This article is part number 2 of the Shell readability series.


The shell supports defining functions, which, as we learned in the previous post, you should embrace and use. Unfortunately, they are fairly primitive and their use can, paradoxically, introduce other readability problems.

One specific problem is that function parameters are numbered, not named, so the risk of cryptic code is high. Let’s see why this is a problem.

Tell me what this function does and how to invoke it:

fetch() {
    local rflag=
    [ -z "${3}" ] || rflag="-r${3}"
    mkdir -p "${4}"
    ( cd "${4}" && cvs -d"${1}" -q checkout -P ${rflag} "${2}" )
}

As the fetch function name says, it fetches something, and as the content says, it does so from CVS. All good, right? But how do you invoke this function? With some effort, you can see that the function takes up to four parameters, but what is each one meant to be? Will you get them in the right order?

Sadly, the style—or lack thereof—above plagues all shell code out there, giving the shell a worse reputation than it already has.
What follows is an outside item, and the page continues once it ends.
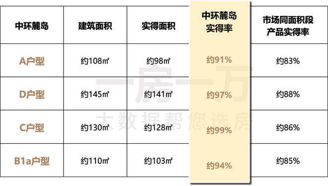 而中环麓岛通过精准的户型优化与空间拓展设计,实现了实得率的全面突破:
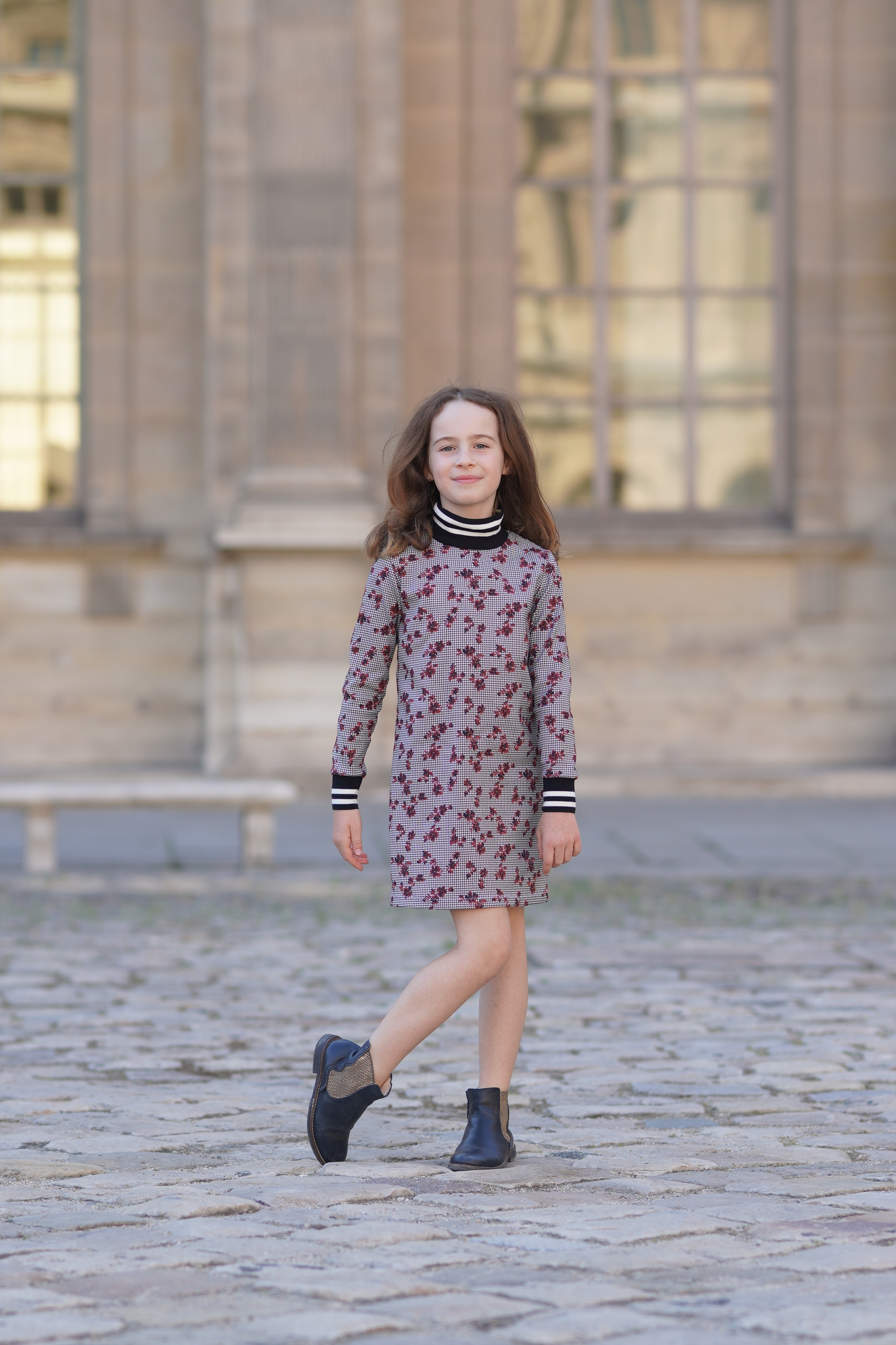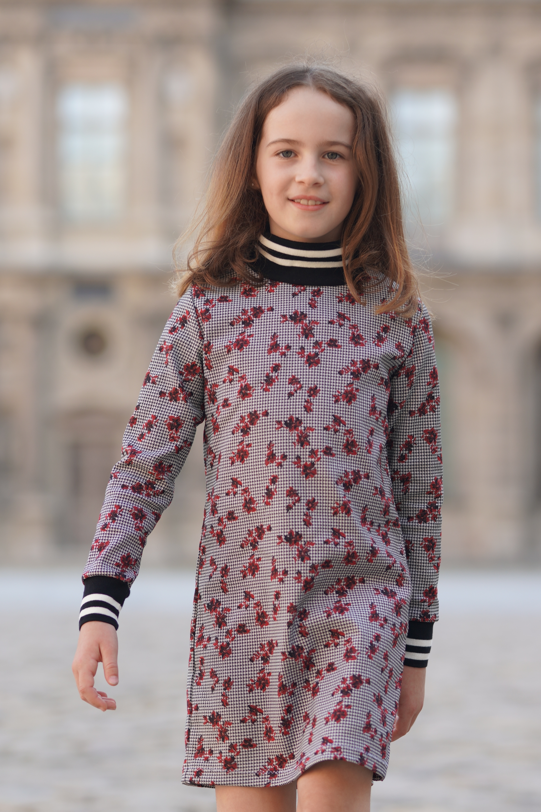 Robe pied-de-poule blanc et noir à fleurs rouges. Manches longues. Bord-côte noir et blanc à l'encolure et aux bas des manches Tissus: coton mélangé. Made in France.

You could slightly improve the snippet above with a comment that documented each parameter, but the problem is that comments easily get out of sync. You are better off avoiding them. (Docstrings are a different story which I may save for another day, but there is no such thing as docstrings for the shell.)

A nicer solution is to make the parameter names part of the code. Take a look at this idiom:

fetch() {
    local cvsroot="${1}"; shift
    local module="${1}"; shift
    local tag="${1}"; shift
    local dir="${1}"; shift

    local rflag=
    [ -z "${tag}" ] || rflag="-r${tag}"
    mkdir -p "${dir}"
    ( cd "${dir}" && cvs -d"${cvsroot}" -q checkout -P ${rflag} "${module}" )
}

The four local variable definitions at the beginning of the function exist purely to assign names to the parameters. With that trick, the function’s prototype is obvious: you immediately know there are four parameters, you know in which order to pass them, and you can reasonably guess their purpose based on their names. Just like in a “real” programming language.

A few caveats though, because every time I suggest this idiom in a code review, people “tweak” it in harmful ways:

  • Use shift instead of numbering the parameters. The reason is two-fold. First, using shift combined with set -e makes function calls fail if they are not given enough parameters. And second, the order of the statements corresponds exactly to the order in which parameters are expected: there is no room for mistake. A potential code edit that reorders those lines would cause the code to fail instead of becoming more confusing but continuing to work.

  • Keep the shift call on the same line as the variable definition. Avoid the temptation to break them apart. The shift calls on their own lines introduce unnecessary vertical noise. Due to the noise, it becomes more tempting to avoid the shift and number the parameters, which I already said wasn’t a good idea.

  • Use ${@} to refer to an unknown number of parameters. The only safe way to handle a variable number of parameters is to expand them via "${@}"—but assigning that expansion to a variable isn’t possible. In particular, do not write local args="${*}": just keep those arguments unnamed and use "${@}" where necessary to refer to them. (Sure, if you already depend on Bash, you can use an unportable array to store these… but think twice before adding a Bash dependency.)

The code above is a simplified and edited version of the shtk_cvs_checkout function. shtk uses this idiom throughout.